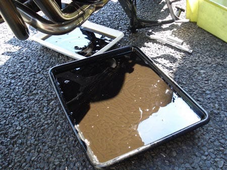 用意した受け皿ではオイルがあふれそうであせるわたくし。
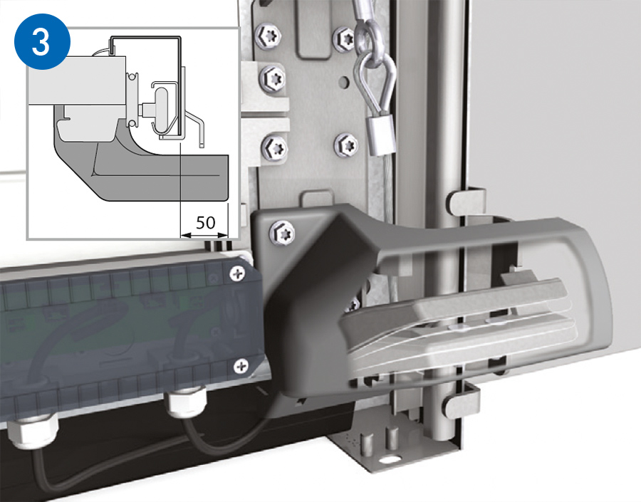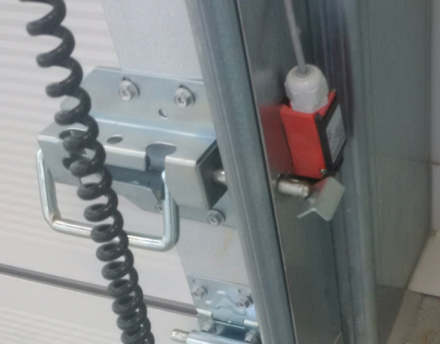 A tolózár a futósínbe reteszel, ezáltal a kapu nem nyitható ki, és a mikrokapcsoló kikapcsolja a hajtás funkcióját.
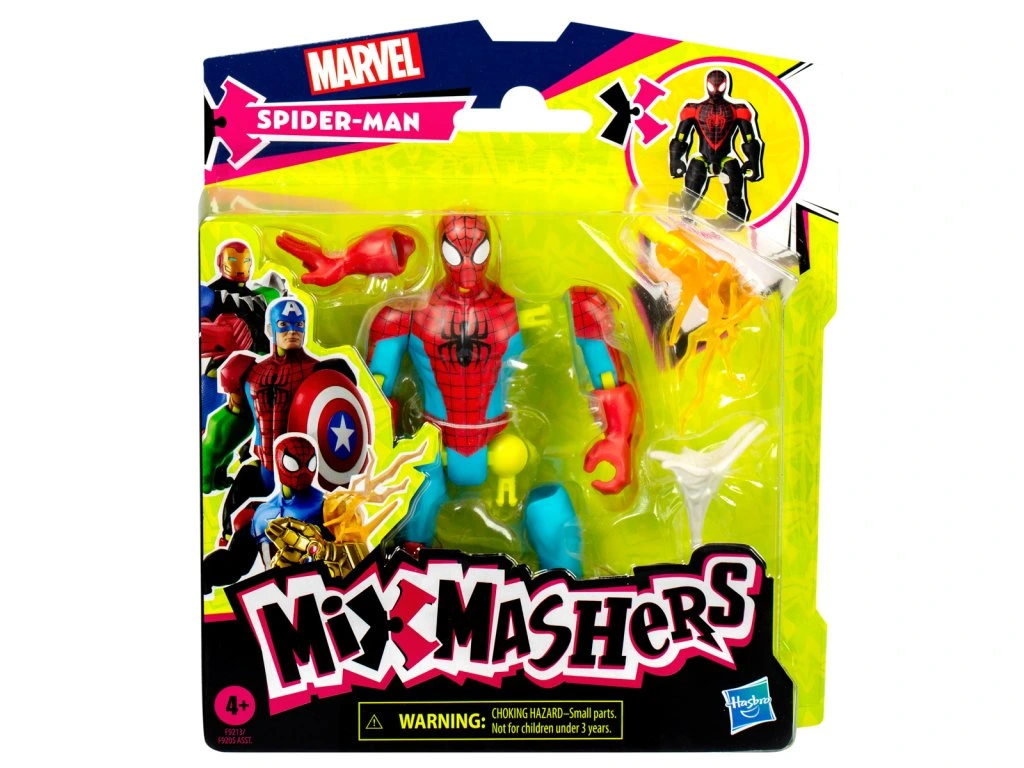 Aj tí najmocnejší superhrdinovia niekedy potrebujú pomocnú ruku ... nohu, päsť alebo príslušenstvo. Zberateľské akčné figúrky MixMashers Marvel obsahujú časti a dieliky, ktoré sa oddeľujú a spájajú dohromady a vytvárajú jedinečne prispôsobené figúrky. Figúrky MixMashers o veľkosti 12 cm majú 16 pripojovacích bodov a majú univerzálne konektory pre kompatibilitu a odolnosť v celom rade. Deti môžu vytvárať figúrky superhrdinov Marvelu, ktoré môžu rozložiť, kombinovať a miešať dohromady bláznivými, osobitými spôsobmi. Vďaka miliónom kreatívnych spôsobov, ako vymeniteľné diely mixovať, tieto hračky Marvel podporujú hodiny nápaditej hry pri vytváraní jedinečných figúrok. Akčná figúrka Marvel Spider-Man sa dodáva so žltým bioelektrickým FX dielom Milesa Moralesa a ďalšími doplnkami. Vyrobené z kvalitného plastu. Výška figúrky: 12 cm. Rozmery balenia: 20,3 x 17,8 x 3,8 cm. Vek: 4+
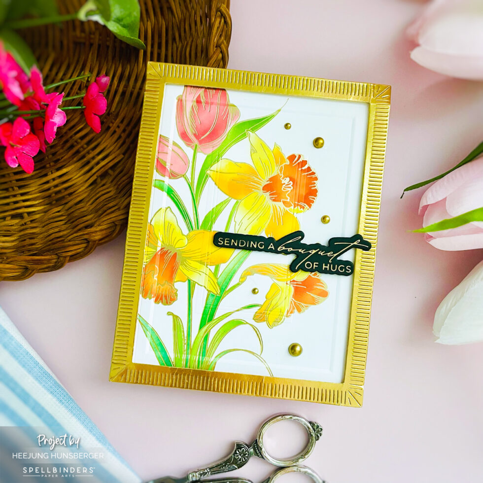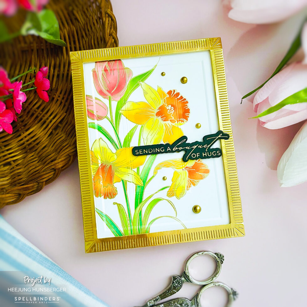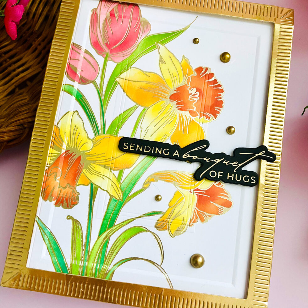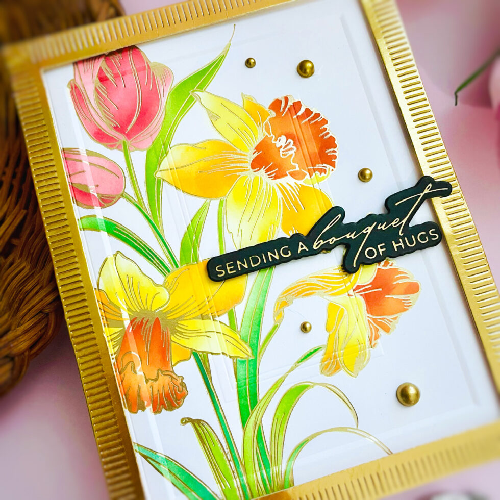 Using the coordinating stencils from the bundle, vibrant shades of pink, yellow, and orange are blended onto the tulips and daffodils. This adds soft yet impactful color that perfectly complements the gold foiling.
──────────
TASK PROMPT: Write out exactly the lines between the start of the data and the line with "Aj tí najmocnejší", including both, but none of the pictures.

WRITTEN RESPONSE:
 用意した受け皿ではオイルがあふれそうであせるわたくし。
 A tolózár a futósínbe reteszel, ezáltal a kapu nem nyitható ki, és a mikrokapcsoló kikapcsolja a hajtás funkcióját.
 Aj tí najmocnejší superhrdinovia niekedy potrebujú pomocnú ruku ... nohu, päsť alebo príslušenstvo. Zberateľské akčné figúrky MixMashers Marvel obsahujú časti a dieliky, ktoré sa oddeľujú a spájajú dohromady a vytvárajú jedinečne prispôsobené figúrky. Figúrky MixMashers o veľkosti 12 cm majú 16 pripojovacích bodov a majú univerzálne konektory pre kompatibilitu a odolnosť v celom rade. Deti môžu vytvárať figúrky superhrdinov Marvelu, ktoré môžu rozložiť, kombinovať a miešať dohromady bláznivými, osobitými spôsobmi. Vďaka miliónom kreatívnych spôsobov, ako vymeniteľné diely mixovať, tieto hračky Marvel podporujú hodiny nápaditej hry pri vytváraní jedinečných figúrok. Akčná figúrka Marvel Spider-Man sa dodáva so žltým bioelektrickým FX dielom Milesa Moralesa a ďalšími doplnkami. Vyrobené z kvalitného plastu. Výška figúrky: 12 cm. Rozmery balenia: 20,3 x 17,8 x 3,8 cm. Vek: 4+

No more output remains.